Somatic Structures Somatic stages of ascomycetes may be single-celled, mycelial or
dimorphic A large proportion of the cell walls of filamentous ascomycetes is chitin In the
yeasts (Saccharomycetales) mannans and ß-1,3 glucans are the principal wall
polysaccharides, and only limited amounts of chitin are present, often restricted to bud scars
In ascomycetes the hyphal wall appears two-layered, with a thick translucent inner layer
and a dense, thin outer layer. Some basidiomycete walls are characterized by several
interspersed dense and translucent layers, but this is not universal. Hyphae of ascomycetes
are divided into compartments by septa that form from the hyphal periphery and advance
toward the center, thus invaginating the plasma membrane. In most ascomycetes a small
circular opening or pore is left near the center of the septum through which the plasma
membrane and cytoplasm extend from one hyphal compartment to the next. In the
filamentous ascomycete septum, the potential exists for cytoplasmic continuity between all
parts of the mycelium; septal pores may be plugged or blocked by various types of
membrane-bound structures
Woronin bodies are spherical, hexagonal, or rectangular membrane bound structures with a
crystalline protein matrix that usually are associated with the septum; elevated levels of
nitrogen, sulfur, and phosphorus in Woronin bodies when they were compared to the
adjacent cell walls of the species they studied. Woronin bodies frequently plug the septal
pores of hyphae and it is believed that they serve to separate aging or damaged hyphae from
the rest of the mycelium, but details of their exact function remain unknown. In addition to
the Woronin bodies that may plug septal pores, a more complex structure occurs in some
filamentous ascomycetes; septal pore organelles, often shaped like pulley wheels, that are
distributed in parts of the mycelium so that structures involved in sexual reproduction
routinely are isolated from other regions of the mycelium. They usually are found at the base
of asci and sterile parts of the hymenium of the ascocarp.

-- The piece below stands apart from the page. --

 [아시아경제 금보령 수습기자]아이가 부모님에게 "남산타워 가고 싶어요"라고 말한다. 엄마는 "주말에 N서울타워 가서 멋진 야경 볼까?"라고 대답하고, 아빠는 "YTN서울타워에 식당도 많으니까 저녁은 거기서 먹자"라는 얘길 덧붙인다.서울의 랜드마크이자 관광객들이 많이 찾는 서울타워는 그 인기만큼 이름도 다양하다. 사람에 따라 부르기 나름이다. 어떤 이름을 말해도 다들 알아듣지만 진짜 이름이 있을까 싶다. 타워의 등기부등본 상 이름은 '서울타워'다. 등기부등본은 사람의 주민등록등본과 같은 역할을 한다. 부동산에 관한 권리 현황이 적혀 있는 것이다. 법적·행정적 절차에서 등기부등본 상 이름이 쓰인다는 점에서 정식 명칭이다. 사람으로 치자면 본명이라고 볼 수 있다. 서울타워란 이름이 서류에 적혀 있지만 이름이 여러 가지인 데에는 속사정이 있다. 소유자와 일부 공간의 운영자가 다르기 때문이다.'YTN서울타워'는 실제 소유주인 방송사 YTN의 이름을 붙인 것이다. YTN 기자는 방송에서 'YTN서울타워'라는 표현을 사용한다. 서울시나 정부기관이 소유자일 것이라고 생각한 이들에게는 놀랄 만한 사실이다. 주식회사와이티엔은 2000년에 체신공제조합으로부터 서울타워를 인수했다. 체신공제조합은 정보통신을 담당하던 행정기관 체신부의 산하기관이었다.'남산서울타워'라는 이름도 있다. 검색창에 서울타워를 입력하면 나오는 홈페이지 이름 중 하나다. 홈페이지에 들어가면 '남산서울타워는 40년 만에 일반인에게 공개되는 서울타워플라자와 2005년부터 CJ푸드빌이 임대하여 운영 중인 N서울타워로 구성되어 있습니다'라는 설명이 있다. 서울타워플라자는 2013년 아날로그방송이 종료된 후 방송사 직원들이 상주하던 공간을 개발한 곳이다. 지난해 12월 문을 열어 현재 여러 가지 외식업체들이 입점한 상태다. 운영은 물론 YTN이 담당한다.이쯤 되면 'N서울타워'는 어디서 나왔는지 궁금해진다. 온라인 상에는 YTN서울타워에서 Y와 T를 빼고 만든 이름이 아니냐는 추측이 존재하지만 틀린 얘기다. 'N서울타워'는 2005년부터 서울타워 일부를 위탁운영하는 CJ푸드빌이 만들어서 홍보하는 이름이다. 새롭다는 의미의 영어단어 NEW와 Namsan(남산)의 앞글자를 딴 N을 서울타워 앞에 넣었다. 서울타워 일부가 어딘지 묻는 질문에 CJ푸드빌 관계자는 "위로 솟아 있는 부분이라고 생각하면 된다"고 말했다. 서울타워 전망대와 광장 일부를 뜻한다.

Hyphal compartments often are uninucleate, but mycelia consisting of multinucleate cells
are well known. The perforations in the hyphal septa permit nuclei to migrate from one
compartment of a hypha to another; the ability of nuclei to migrate throughout the mycelium
is important in the phenomenom of heterokaryosis Ascomycete mycelium may be organized
into fungal tissues (plectenchyma); If such a tissue is loosely woven and the mycelial
strands are more or less evident, it is known as prosenchyma. If, however, the hyphae have
lost their individuality and the cells are more or less isodiametric, closely resembling the
parenchyma of plants, it is known as pseudoparenchyma.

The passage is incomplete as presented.